The other forward acquisitions are likely to have lesser impacts on the offense. Free-agent signee Marty Reasoner is a penalty-killing center who has never scored more than 11 goals in any of his nine NHL seasons. If you see free-agent signee Mike Hoffman’s fists in the air, they’re less likely to be celebrating a goal than punching an opponent.

The next Hossa?

Anderson says the Thrashers can succeed without finding another Hossa, if multiple players chip in with 20- to 25-goal seasons and if the defensemen score. He’s looking for breakthrough seasons from Erik Christensen and Colby Armstrong, who came from Pittsburgh in the Hossa deal. He’s also counting on more goals from veteran center Todd White, who had back-to-back 20-or-more-goal seasons for Ottawa in 2001-02 and 2002-03.

Kovalchuk welcomes scoring from anyone in a Thrashers sweater.

“We need to play for each other,” he said. “It’s not a big deal who’s scoring. It’s about getting two points [in the standings] each night.”

Kovalchuk said he’s willing to do whatever Anderson needs him to do to help the team win. One change will come on the power play, where Kovalchuk will now play down low at times.

“He passes very well,” Anderson said. “People don’t know this about Ilya. He’s a very good passer of the puck, with good eyesight. We can add more goals not just from his stick but certainly from his stick to somebody else’s stick.”

Kovalchuk has two seasons left on his contract. The Thrashers can’t start negotiating an extension with him until July 1, 2009. The first overall pick of the 2001 draft has never played for another NHL organization, but if he chooses he can be a free agent in 2010.

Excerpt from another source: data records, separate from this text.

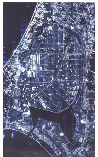
新生の大地 大潟村
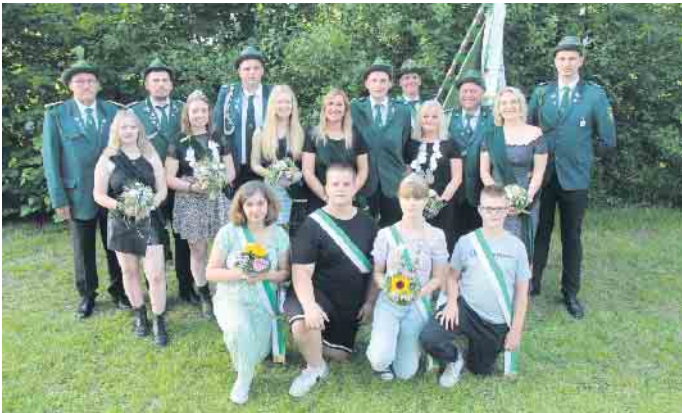
Die neuen Majestäten im Drohner Schützenverein und Verantwortliche präsentierten sich dem jubelnden Schützenvolk.
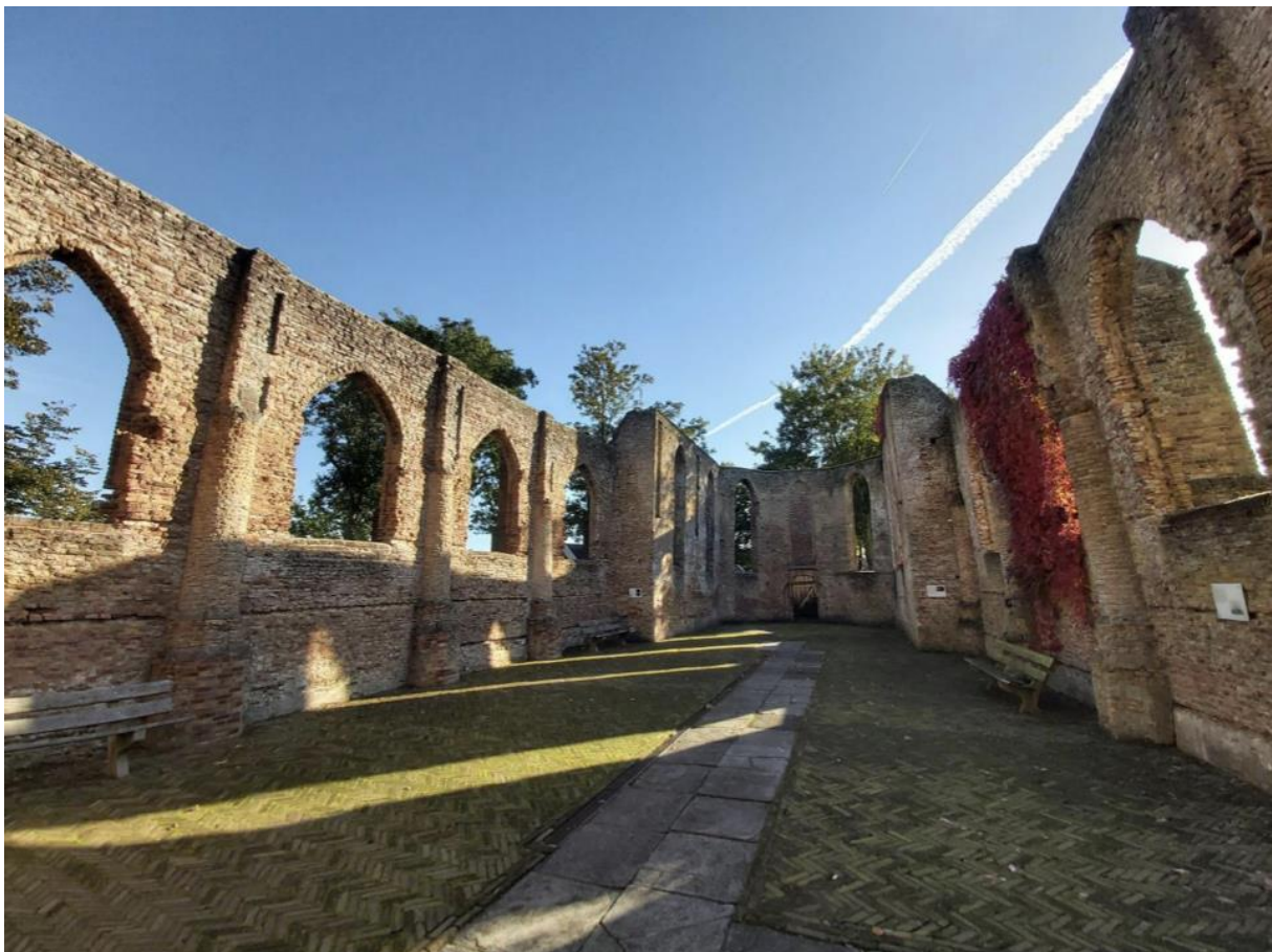
Impressie van het interieur. Onder andere zijn te zien: de ingemetselde zuilen, de restanten van de houtconstructie, de grafzerken en de contouren van de preekstoel.

Het volledige interieur is verloren gegaan bij de brand naar aanleiding van de blikseminslag. De vloer is opnieuw bestraat. In het straatwerk is de oorspronkelijke locatie van de preekstoel aangegeven. Tevens zijn in het straatwerk enkele originele grafzerken van Belgisch kalksteen teruggeplaatst, daterend uit de 16 e tot 19 e eeuw. De zuilen die zijn opgebouwd eind 15 e eeuw toen de kerk werd uitgebreid met twee zijbeuken zijn nog zichtbaar en ingemetseld in de bestaande zijgevels. De beide rijen met zuilen ondersteunden de muren die de hoofdkap droegen en die tevens als scheiding tussen schip en zijbeuken dienden. Toen de zijbeuken uiteindelijk weer werden afgebroken zijn de ruimtes tussen de zuilen dichtgemetseld. Verder zijn nog enkele restanten hout van de voormalige constructie zicht en zijn in enkele zuilen nog inkepingen zichtbaar van waar de houtconstructie heeft gezeten. In de ruïnekerk hangen informatieborden en staan twee bankjes. Langs de voorgevel is in 2011 een trekstang aangebracht.
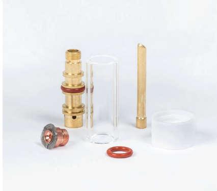
Start Custom set 5 (под вольфрамовый электрод Ø2.4)
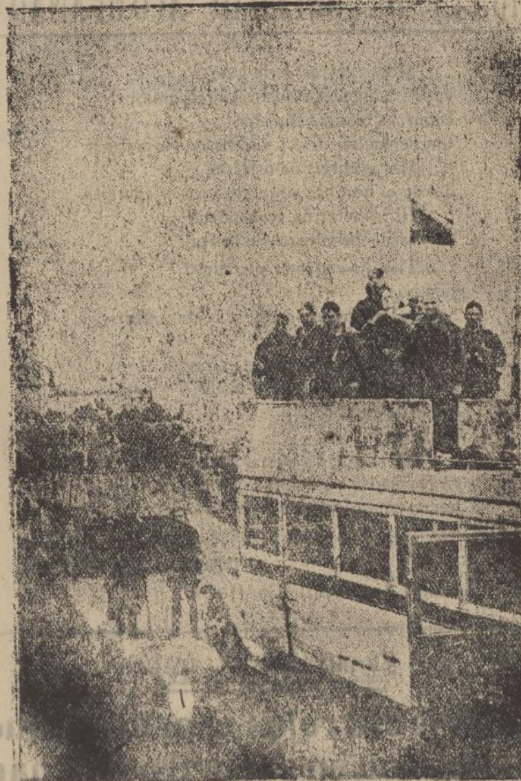
Fuerzas motorizadas nacionales que avanzaban sobre Bermeo, hoy ya en poder de nuestras tropas
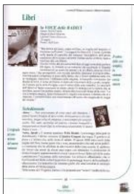
Enrico Gasperi paese in piazza n. 13
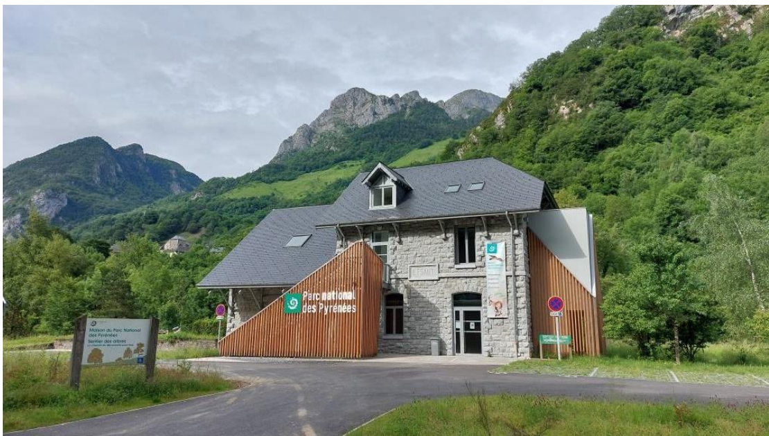
© R. Camviel – Parc national des Pyrénées

A l'entrée du village d'Etsaut, se dresse la Maison du Parc national des Pyrénées.

Kovalchuk isn’t ready to talk about what the Thrashers need to do to keep his Bentley or his Benz parked in the team lot.

“Two years is a long time,” he said. “There’s a lot of work in front of me. I never think up front. I just want to think about the Thrashers. I love it here. I love the city. I’m here.”


Kovalchuk had a conversation with the referee Saturday after getting called for diving.

“I told him I never dive,” Kovalchuk said. “I’ve never done it before, and I never did it. I just lost my balance. But he’s the ref, and it’s his call.

“I know him. He seems like a good guy.”

Kovalchuk has no goals through two games, but he has two assists and his team has three points in the standings.

“For me, it’s not the best games, but the team is doing well,” he said. “We’re playing together. Everybody, we’re battling. We got three points out of four. It’s better than last year.”